In order to move on, I think we have to make peace with Obama’s speech and the decisions he made. To do that, here are the salient points:
• Pulling out immediately would be a moral monstrosity, since Afghanistan would collapse and the Taliban would return women to medieval slavery.
• An open-ended commitment isn’t productive or feasible.
• No good choices exist. Good and bad options are hopelessly entangled.
• Providing a short-term commitment with a planned departure date could be two things at once: a serious mistake and the only viable choice. Living with contradictions is part of being an adult.
Looking at this list, do you think that you could have made better policy decisions than the President did? If not, then give him the benefit of a little understanding. Whatever its faults, the Republican Party doesn’t undermine its leaders, while the Democrats seem oblivious to the harm caused by habitual complaining.
Next, look at the war as a moral dilemma not as a simple political or economic problem. America’s “war of necessity,” whether you agree with that or not, has disrupted a society that was already deeply traumatized and divided. Afghanistan is incredibly poor and fatally unstable. We are rich and stable in comparison. If this conflict can be conducted in such a way that the Afghans are helped toward a minimal stability and put on anything like the right path to security, don’t we owe it to them? That’s not a rhetorical question. It’s a way of reframing the issue.
We recognize that this escalation with its drone aircraft and other mechanized forms of death will undoubtedly kill many innocent Afghans and Pakistanis, as well as cause the further loss of U.S. service men and women.
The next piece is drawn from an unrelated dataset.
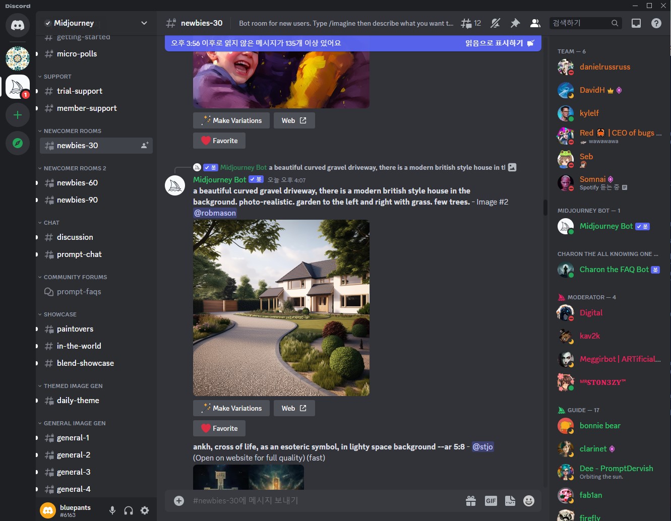 내가 느끼는 미드저니를 비유해 보자면, 노션+트위터+알파 인 것 같다. 처음에는 메시지가 하도 많아서 적응이 안되었다. 나는 누구? 어디에 있는건가? 느낌이...

So the outcome of this action can never be considered an unequivocal good; it will come at a terrible human cost. That is the heart of the moral dilemma.
Finally — and this is the biggest issue for me — is Obama’s Afghan policy moving toward more war or less war, more American militarism or a decrease? I personally want much less war and militarism. If we could dismantle the military-industrial complex with the wave of a magic wand, I’d do it without hesitation. But moving away from militarism is a complex, tangled affair.
In small but significant ways Obama may be starting the process. He doesn’t wave the bloody flag. He doesn’t demonize the enemy. In place of us-versus-them thinking, his thinking includes all sides as much as possible. Instead of no-bid contracts of the kind that corrupted the Iraq War, he insists on normal bidding procedures. Instead of Bush’s unilateral arrogance, Obama couches the terrorist problem as a shared dilemma with only global solutions.
No one can rejoice in any of these things, but if you seriously consider them, peace can be made with the President’s speech at West Point. After all, bringing the current polarization in politics to an end means that each of us must reconcile the warring opposites in our own attitudes.